Pre-training is the phase where we teach a model how language works.
Before a model can answer questions, write code, or chat with us, it needs to learn the structure and patterns of language. This learning happens during pre-training.
From Text to Tokens
Everything begins with raw text.
For example:
“The cat sat on the mat”
A model cannot understand text directly. So the first step is to convert text into tokens.
Tokens are smaller units of text. They may look like words, subwords, or even characters depending on the tokenizer.
So the sentence becomes something like:
[“The”, “cat”, “sat”, “on”, “the”, “mat”]
This process is called tokenization.
One common method used for tokenization is
Byte Pair Encoding.
Instead of splitting text only into words or characters, BPE creates subword tokens.
Let’s understand with an example:
Words:
- low
- lowest
- new
- newer
Step 1: Break into characters
l o w
l o w e s t
n e w
n e w e r
Step 2: Find the most frequent pair
For example: “l” + “o” → “lo”
Step 3: Merge it
Now we get:
lo w
lo w e s t
Step 4: Repeat
Eventually, we get useful tokens like:
“low”, “est”, “new”, “er”
So instead of storing every possible word, the model learns reusable building blocks.

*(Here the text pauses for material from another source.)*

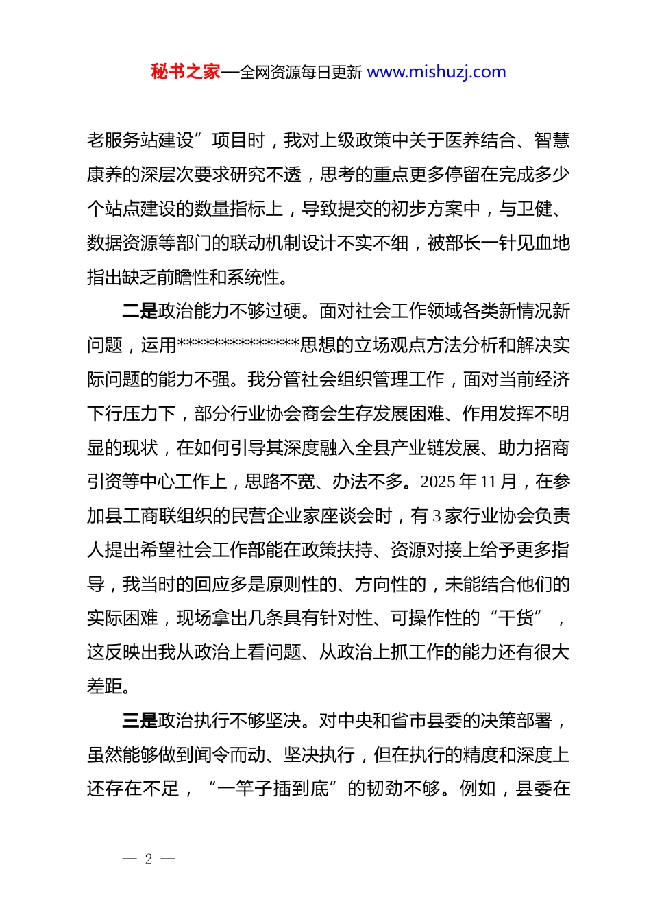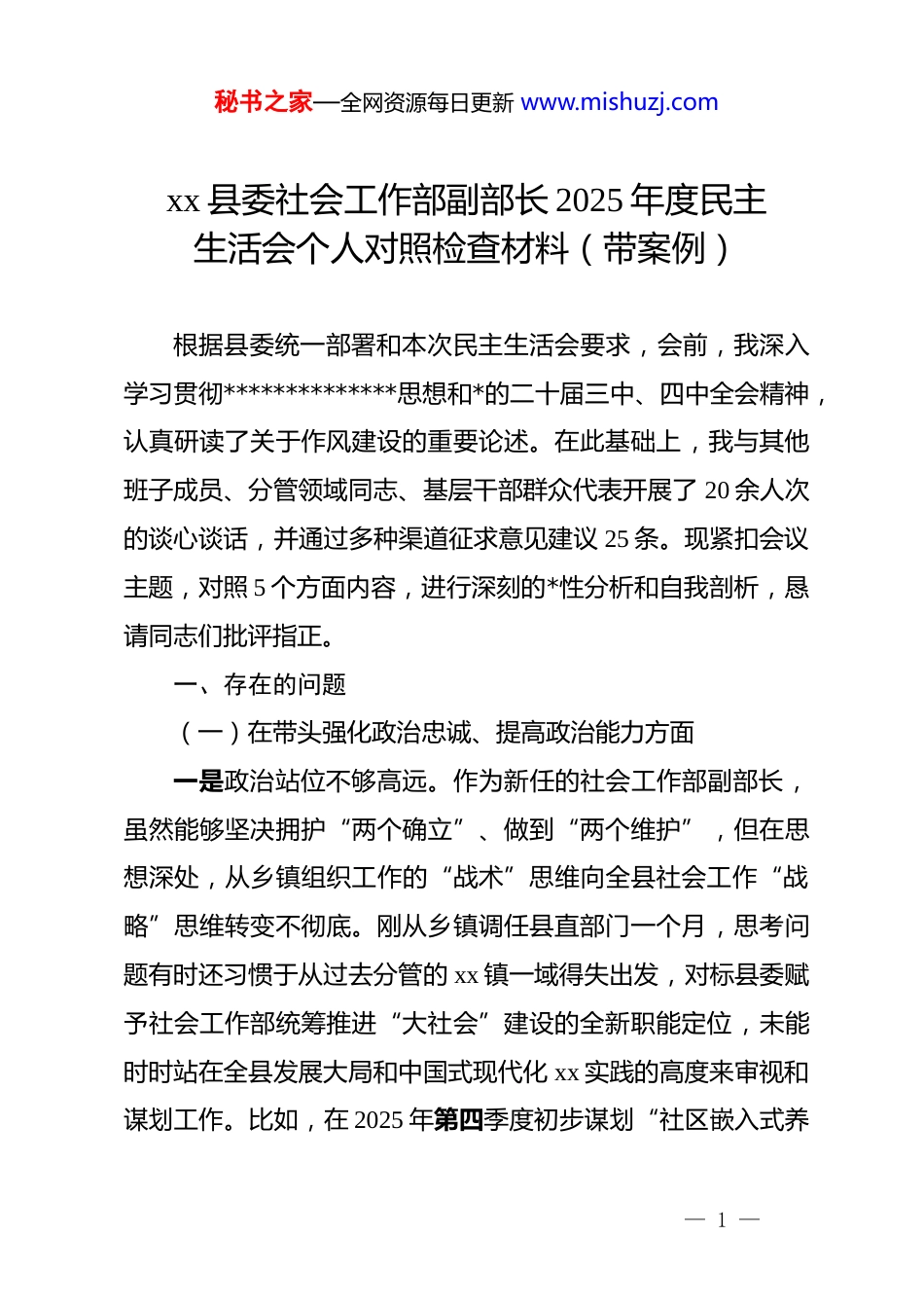 秘书之家—全网资源每日更新 www.mishuzj.comxx 县委社会工作部副部长 2025 年度民主生活会个人对照检查材料(带案例)根据县委统一部署和本次民主生活会要求,会前,我深入学习贯彻**************思想和*的二十届三中、四中全会精神,认真研读了关于作风建设的重要论述。在此基础上,我与其他班子成员、分管领域同志、基层干部群众代表开展了 20 余人次的谈心谈话,并通过多种渠道征求意见建议 25 条。现紧扣会议主题,对照 5 个方面内容,进行深刻的*性分析和自我剖析,恳请同志们批评指正。一、存在的问题(一)在带头强化政治忠诚、提高政治能力方面一是政治站位不够高远。作为新任的社会工作部副部长,虽然能够坚决拥护“两个确立”、做到“两个维护”,但在思想深处,从乡镇组织工作的“战术”思维向全县社会工作“战略”思维转变不彻底。刚从乡镇调任县直部门一个月,思考问题有时还习惯于从过去分管的 xx 镇一域得失出发,对标县委赋予社会工作部统筹推进“大社会”建设的全新职能定位,未能时时站在全县发展大局和中国式现代化 xx 实践的高度来审视和谋划工作。比如,在 2025 年第四季度初步谋划“社区嵌入式养— 1 —秘书之家—全网资源每日更新 www.mishuzj.com老服务站建设”项目时,我对上级政策中关于医养结合、智慧康养的深层次要求研究不透,思考的重点更多停留在完成多少个站点建设的数量指标上,导致提交的初步方案中,与卫健、数据资源等部门的联动机制设计不实不细,被部长一针见血地指出缺乏前瞻性和系统性。二是政治能力不够过硬。面对社会工作领域各类新情况新问题,运用**************思想的立场观点方法分析和解决实际问题的能力不强。我分管社会组织管理工作,面对当前经济下行压力下,部分行业协会商会生存发展困难、作用发挥不明显的现状,在如何引导其深度融入全县产业链发展、助力招商引资等中心工作上,思路不宽、办法不多。2025 年 11 月,在参加县工商联组织的民营企业家座谈会时,有 3 家行业协会负责人提出希望社会工作部能在政策扶持、资源对接上给予更多指导,我当时的回应多是原则性的、方向性的,未能结合他们的实际困难,现场拿出几条具有针对性、可操作性的“干货”,这反映出我从政治上看问题、从政治上抓工作的能力还有很大差距。三是政治执行不够坚决。对中央和省市县委的决策部署,虽然能够做到闻令而动、坚决执行,但在执行的精度和深度上还存在不足,“一竿子插到底”的韧劲不够。例如,县委在— 2 —秘书之家—全网资源每日更新 www.mishuzj.com2025 年下半年明确要求,要推动社会组织 dj 与“产业链 dj”深度融合,我虽然组织召开了推进会,也下发了指导文件,但在后续的跟踪问效上投入精力不足。截至 2025 年底,全县 12 个重点产业链中,仅有 4 个产业链上的社会组织建立了功能型*支部,进度明显滞后于县委要求。究其原因,是我在推进过程中,对部分行业主管部门存在的“业务归业务、dj 归 dj”的模糊认识,没有及时进行有力的政治引导和督促纠偏,存在“上热中温下冷”的现象。(二)在带头固本培元、增强*性方面一是理论武装缺乏穿透力。对**************思想的学习,系统性和深刻性不足,存在“知其然、不知其所以然”的情况。特别是对*的二十届四中全会提出的关于完善社会治理体系、健全基层*组织领导的基层群众自治机制等一系列新思想新论断,满足于通读会议公报和新闻报道,未能沉下心来系统研读辅导材料和权威解读文章,导致在实际工作中理解不深、把握不准。2025 年 12 月,在指导 xx 街道探索“dj 引领、五社联动”社区治理新模式时,我对“社会力量”在其中的功能定位和边界把握不清晰,提出的初步构想依然是“社区主导、社工执行”的传统路径,未能真正体现“多元共治”的精髓。二是*性锤炼缺乏淬炼度。在严肃的*内政治生活中锤炼*性— 3 —秘书之家—全网资源每日更新 www.mishuzj.com的自觉性不强,有时满足于“按部就班”完成规定动作,自我革命的锐气有所消减。回想在乡镇任组织委员时,处理 xx 村发展*员争议问题,虽然最终严格按照程序,对不符合条件的预...

Each model is trained with a specific tokenizer.
To find it, you can:
- Check the model card
- Read official documentation
- Look at repositories (like Hugging Face Transformers)
Some common patterns:
- Files like
merges.txt→ BPE .modelfiles → SentencePiecevocab.txt→ WordPiece
After tokenization, each token is converted into a token ID.
Example:
“cat” → 345
This is just a number used as an index.
Important point:
A token ID does NOT carry meaning.
It is only a reference.
Now comes the key step.
Each token ID is mapped to a vector using an
embedding matrix.
So instead of:
cat → 345
We get:
cat → [0.55, 0.12, -0.44, …]
This list of numbers is called an embedding.
Why not represent a word with just one number?
Because a single number cannot capture meaning.
With multiple numbers (a vector), the model can:
- Represent different features
- Compare similarity between words
- Learn relationships
For example:
- “cat” and “dog” will have similar vectors
- “cat” and “car” will be far apart
This is known as a distributed representation.
Vectors allow the model to understand relationships.
What Happens During Pre-Training?
Now we connect everything.
The flow looks like this:
Text → Tokens → Token IDs → Embeddings → Model → Prediction
The model is trained to predict the next token.
Example:
“The cat sat on the ___”
The model tries to predict:
“mat”
It produces scores (called logits), converts them to probabilities, and compares with the correct answer.
Then it updates its internal values using
backpropagation.
This process repeats billions of times.